WHAT IS NEEDED ▸ Exclude the pictures and set down, unaltered, the lines from the one that holds "當(dāng)天,一場(ch" through the end of the data.
^^^^^^^^^^^^^^^^
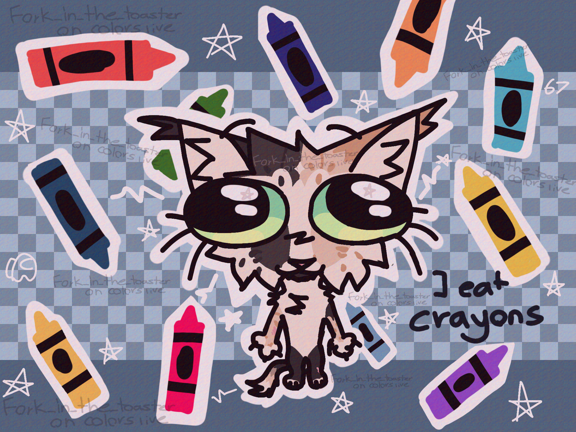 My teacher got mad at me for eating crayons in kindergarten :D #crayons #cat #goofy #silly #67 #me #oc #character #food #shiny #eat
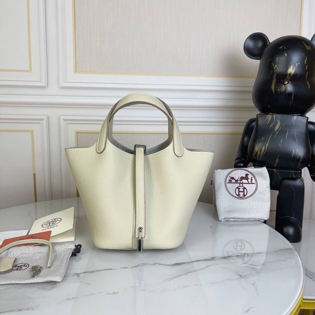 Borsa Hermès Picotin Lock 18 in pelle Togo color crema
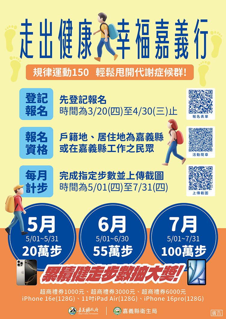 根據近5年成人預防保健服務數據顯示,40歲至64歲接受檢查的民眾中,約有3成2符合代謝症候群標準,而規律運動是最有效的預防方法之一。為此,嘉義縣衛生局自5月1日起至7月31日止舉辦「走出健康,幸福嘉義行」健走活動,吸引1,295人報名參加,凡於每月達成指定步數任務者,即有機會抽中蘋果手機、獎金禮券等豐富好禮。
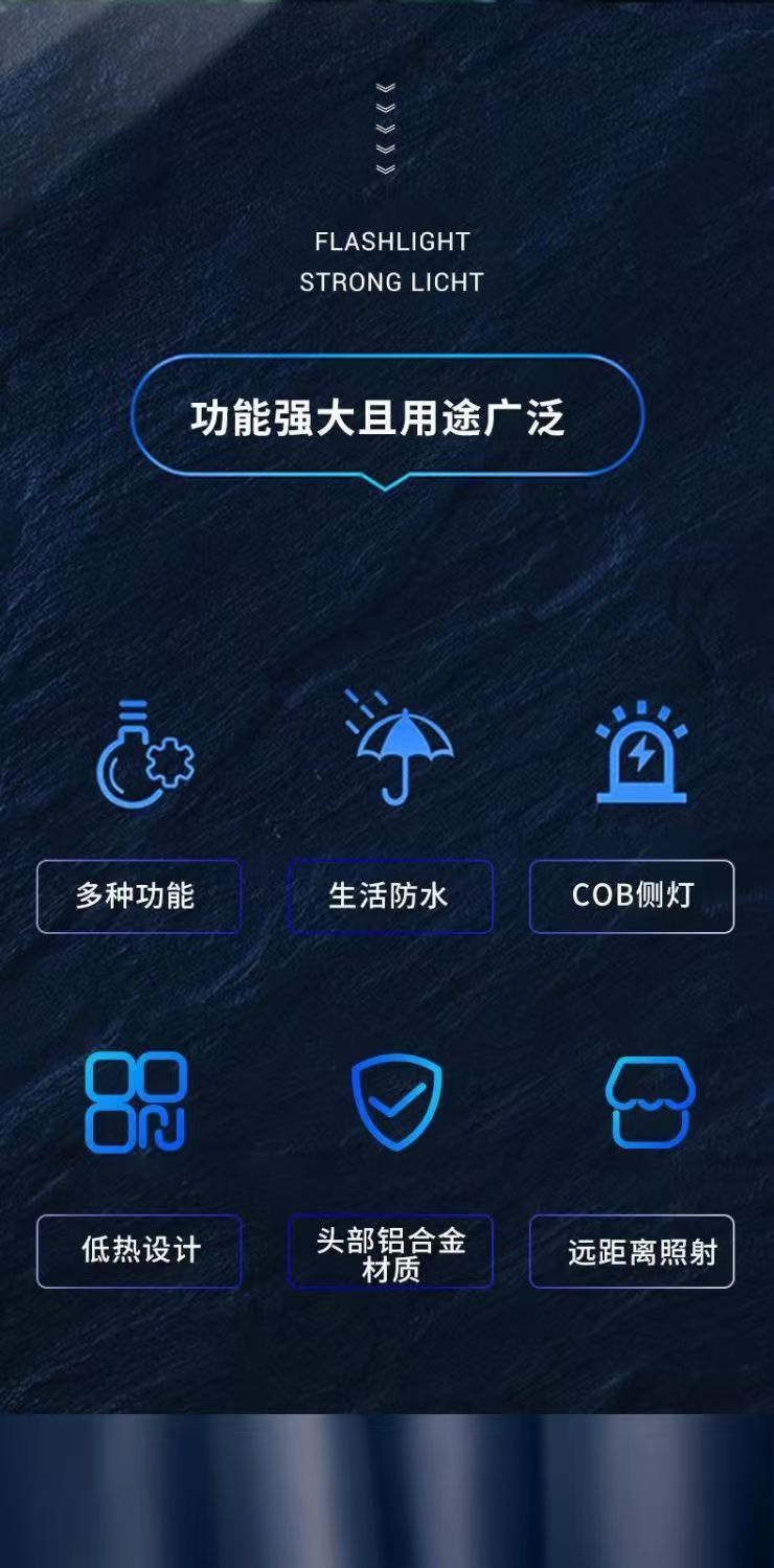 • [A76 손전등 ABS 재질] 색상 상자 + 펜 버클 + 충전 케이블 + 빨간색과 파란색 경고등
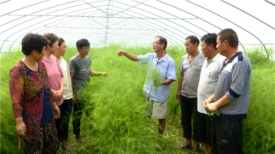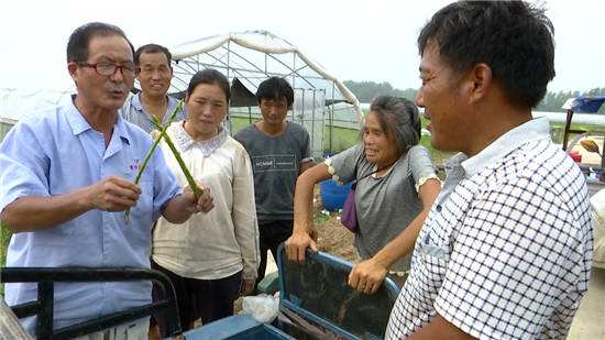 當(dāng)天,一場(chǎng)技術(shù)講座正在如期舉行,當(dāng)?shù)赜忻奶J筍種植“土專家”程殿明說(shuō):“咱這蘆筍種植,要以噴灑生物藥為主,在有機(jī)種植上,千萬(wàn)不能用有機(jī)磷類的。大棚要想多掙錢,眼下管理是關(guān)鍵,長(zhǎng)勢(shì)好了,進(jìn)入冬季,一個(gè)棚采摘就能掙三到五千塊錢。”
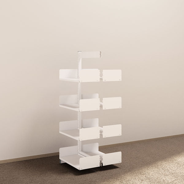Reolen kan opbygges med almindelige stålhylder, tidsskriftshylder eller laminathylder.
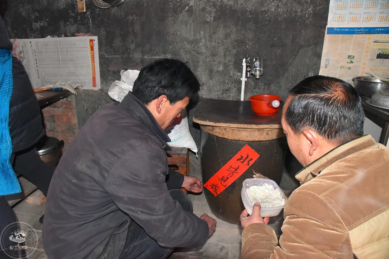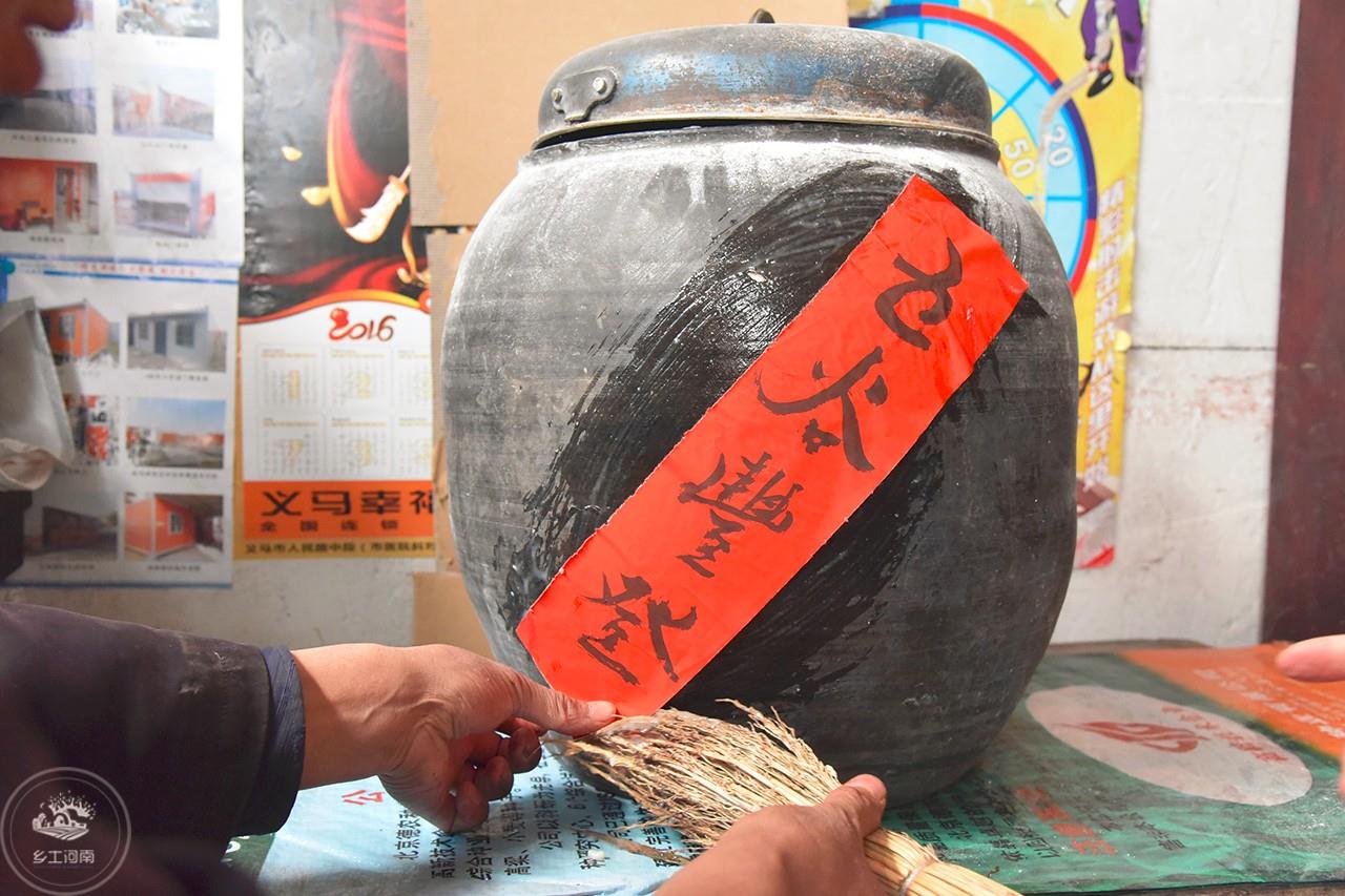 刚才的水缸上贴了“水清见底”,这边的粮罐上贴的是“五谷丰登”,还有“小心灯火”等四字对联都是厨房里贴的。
^^^^^^^^^^^^^^^^
FINAL ANSWER ▸
 當(dāng)天,一場(chǎng)技術(shù)講座正在如期舉行,當(dāng)?shù)赜忻奶J筍種植“土專家”程殿明說(shuō):“咱這蘆筍種植,要以噴灑生物藥為主,在有機(jī)種植上,千萬(wàn)不能用有機(jī)磷類的。大棚要想多掙錢,眼下管理是關(guān)鍵,長(zhǎng)勢(shì)好了,進(jìn)入冬季,一個(gè)棚采摘就能掙三到五千塊錢。”
Reolen kan opbygges med almindelige stålhylder, tidsskriftshylder eller laminathylder.
 刚才的水缸上贴了“水清见底”,这边的粮罐上贴的是“五谷丰登”,还有“小心灯火”等四字对联都是厨房里贴的。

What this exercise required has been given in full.